Certainly not a large base. A more sterically hindered base related to pyridine would be 2,4,6-collidine, or even better, 2,6-di-t-butyl 4 methyl pyridine.
Well, I’m not so sure this is correct.
While there are a few examples of 2o alcohols being dehydrated to give alkenes, a SciFinder search for 2o ROH –POCl3–>RCl returns over 750 examples, many of which are 90+% yield and many of which use pyridine as solvent or co-reactant.
POCl3 elimination of ROH only works generally with tertiary alcohols. 1o and 2o alcohols generally give substitution — same as for PCl3 — in very high yield.

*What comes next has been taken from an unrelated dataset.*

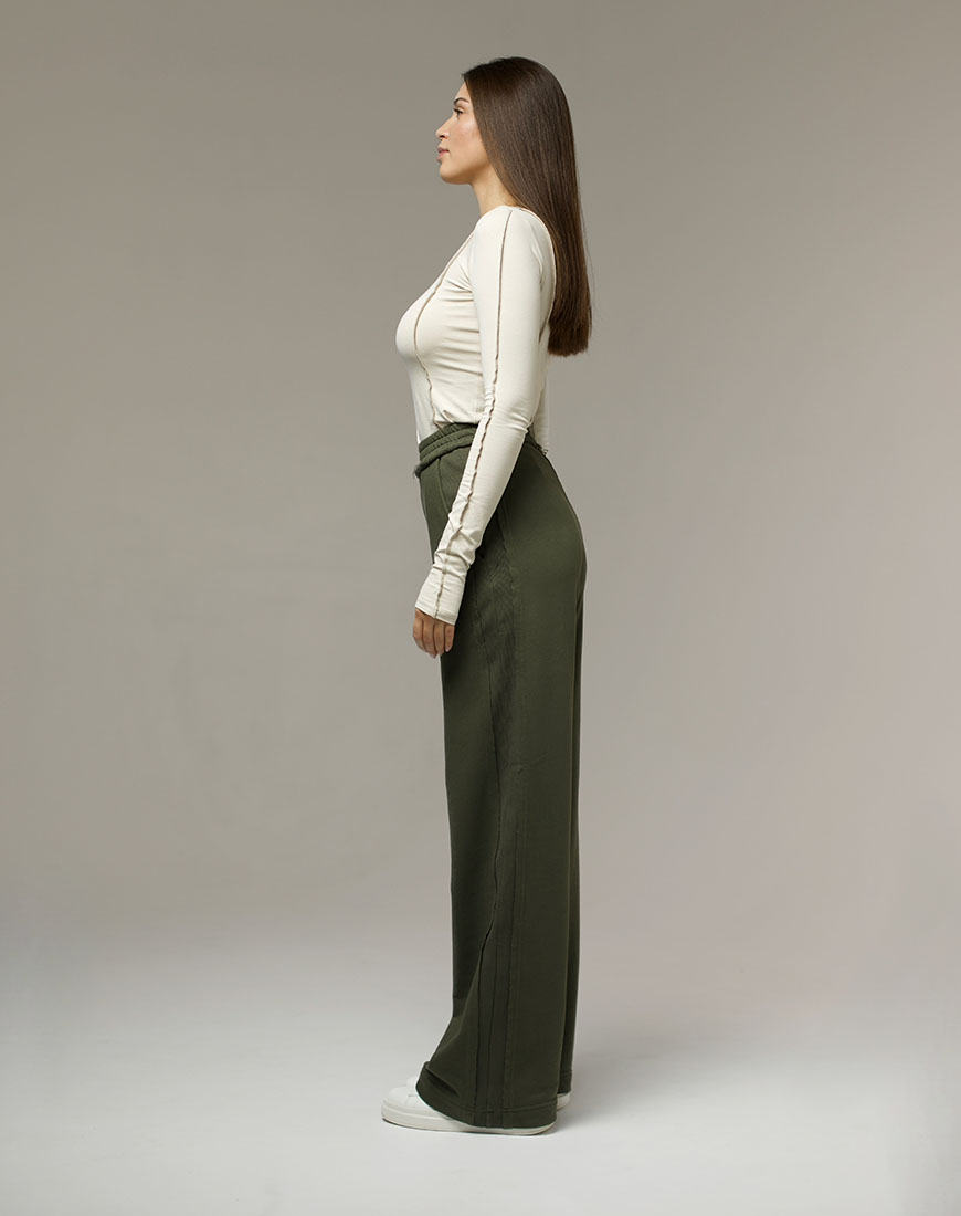Жіночі штани прямого крою зі стрілками та внутрішніми кишенями. Стильні штани зі швами назовні дуже комфортні, з ними можна зібрати безліч образів. Матеріалу властиве зминання завдяки натурального складу, тканина приємна до тіла та пропускає повітря.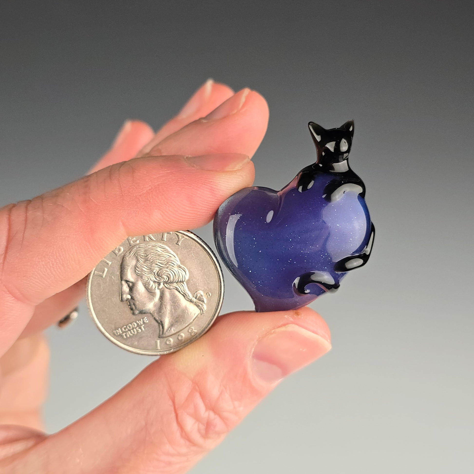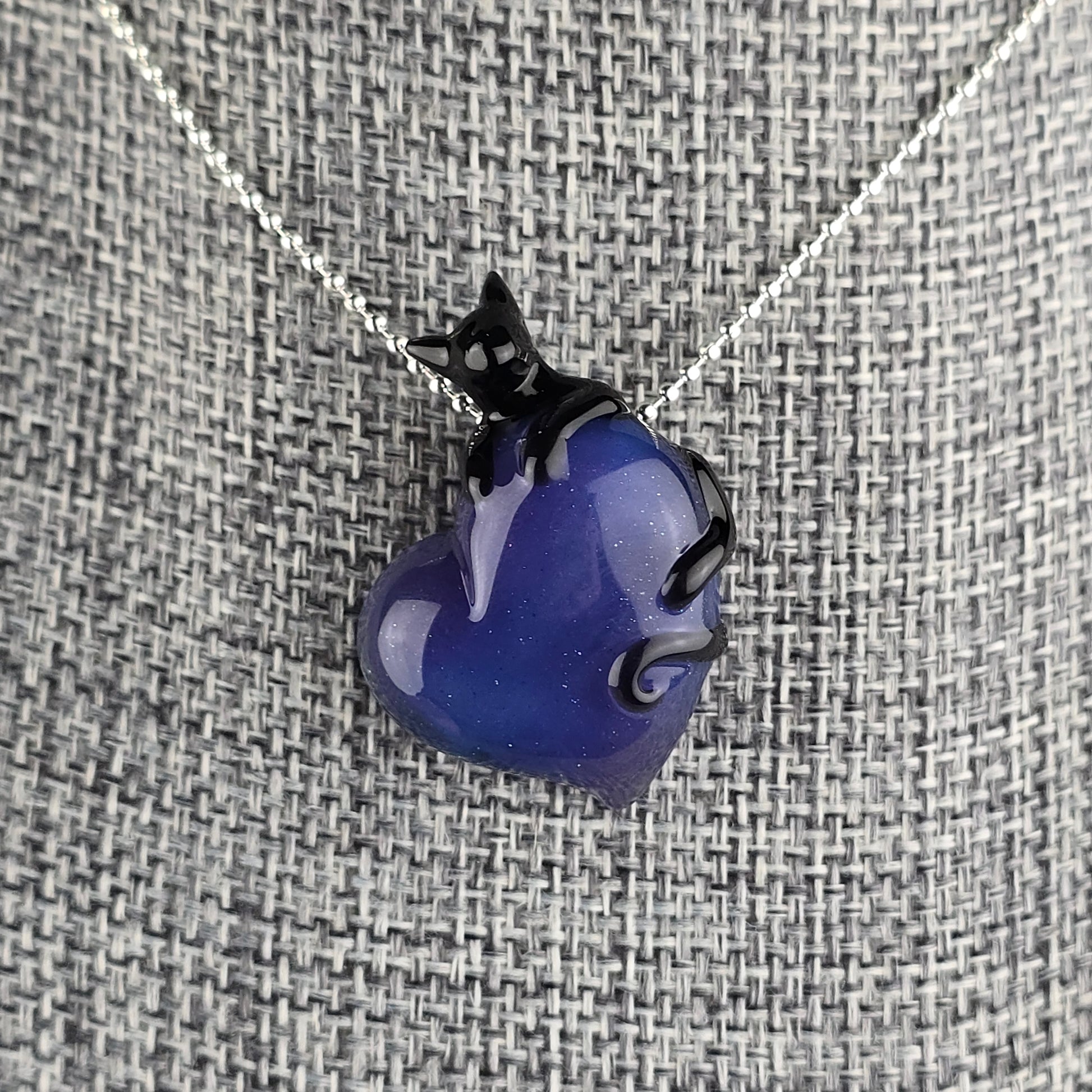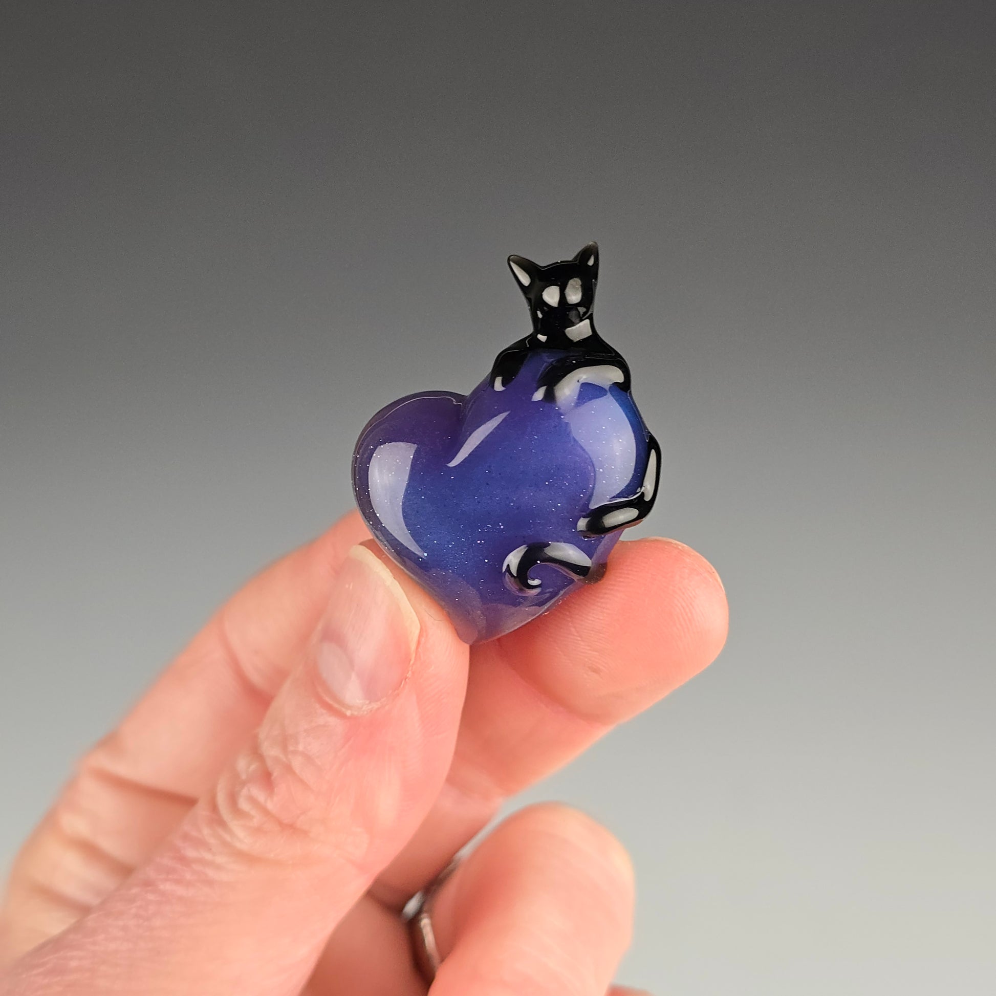 Onyx Black Clingy Kitty on a Blue Stardust over Wildberry Heart. See photos for size reference.

It appears that this idea that POCl3/pyr gives elimination with secondary alcohols has gotten into some textbooks and is being propagated as fact with just these minimally supportive examples.

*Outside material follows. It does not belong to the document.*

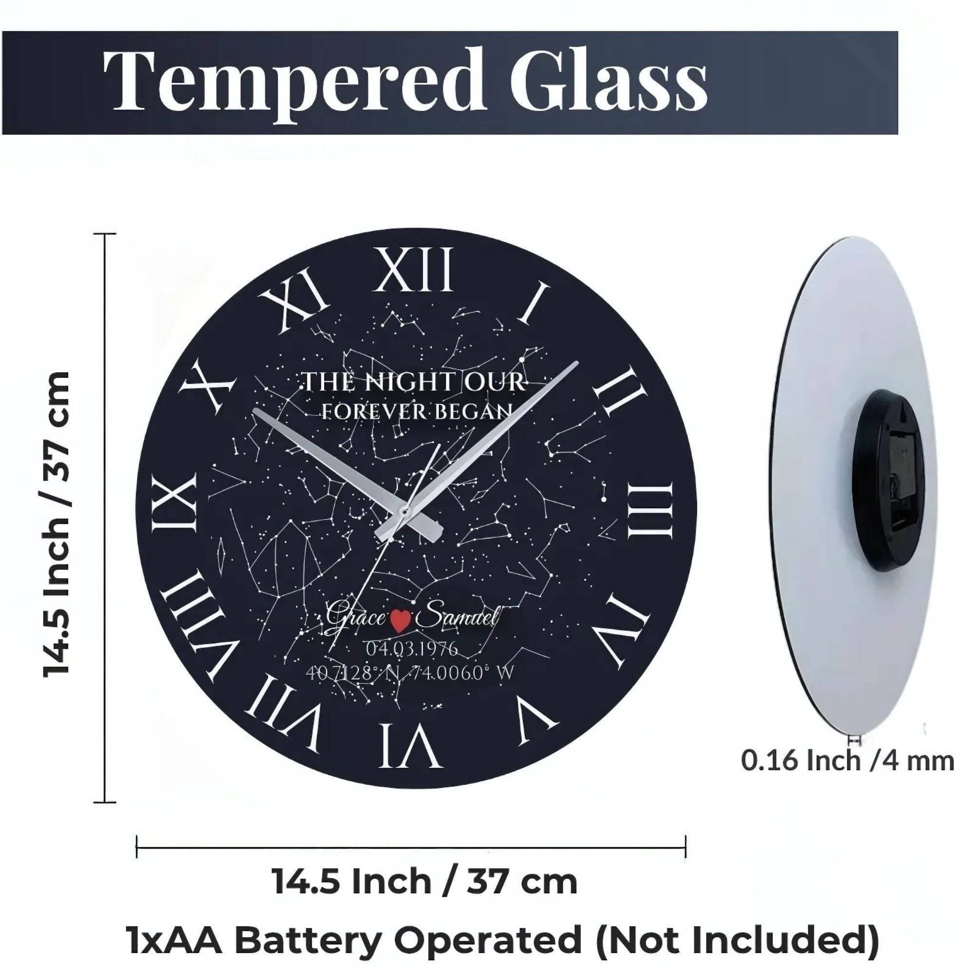 Personalized Star Map Wall Clock on Tempered Glass – Custom Night Sky Gift for Couples, Anniversary Present by Zepira Luna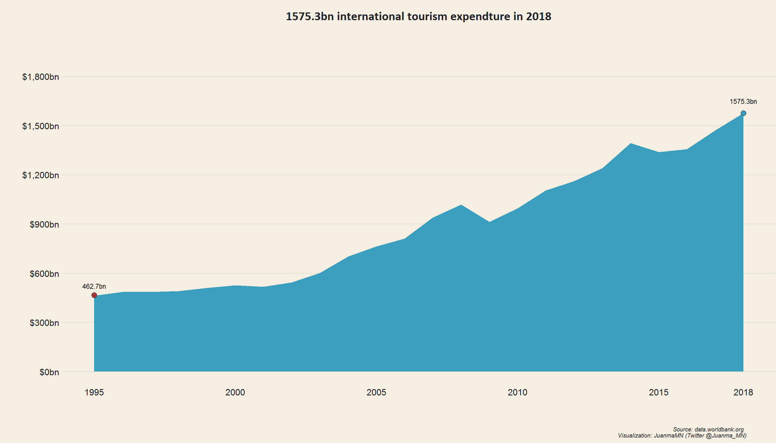 The below graph shows the total expenditure by international tourism in all countries from 1995 to 2018.

That’s a great point to look into, Bob. Thank you.
whoops, I think you meant to include the mechanism, but instead posted the same ChemDraw graphic on “works with primary, secondary, and tertiary alcohols” twice.
Oh dear, you are 100% correct. Fixed. Thanks Tim
WILL SHIFT HAPPEN IN POCl3 ELIMINATION?
THIS IS MY FIRST COMMENT. WHY IS IT SHOWING I ALREADY SENT IT BEFORE?
No, hydride shifts do not occur in POCl3 eliminations, since it does not go through a free carbocation.
sir,what happens if POCl3 REACTS WITH ALKENE IN PRESENCE OF P2O5
POCl3 doesn’t react with alkenes. Did you mean alcohol?
I read somewhere that thorium dioxide also does the same thing(E2) Is it true?
Thorium oxide? That’s a new one to me. Although there is a reaction called the Ruzicka cyclization which involves heating dicarboxylic acids with ThO2 to very high temperatures. https://onlinelibrary.wiley.com/doi/abs/10.1002/hlca.19260090130
Why POCl3 gives elimination and SOCl2 gives substitution? (Both reactions with same reagents..for example a secondary alcohol and pyridine). In case of SOCl2, p
Can pyridine attack a beta H anyway?
I love you. Best teacher EVER.
The addition of the alcohol to POCl3 is denoted as forming a chlorophosphite. Should this be a chlorophosphate? If not, why not?
Shoot, you are right. It should read, “chlorophosphate”.
I’ve seen some texts show SN2 at P of POCl3 and S of SOCl2. Clayden 2E (p 729 and p 214) are examples of this. Is there any evidence for the presence of pentacoordinate phosphorus or sulfur intermediates in these reactions? What are the pros and cons of each depiction?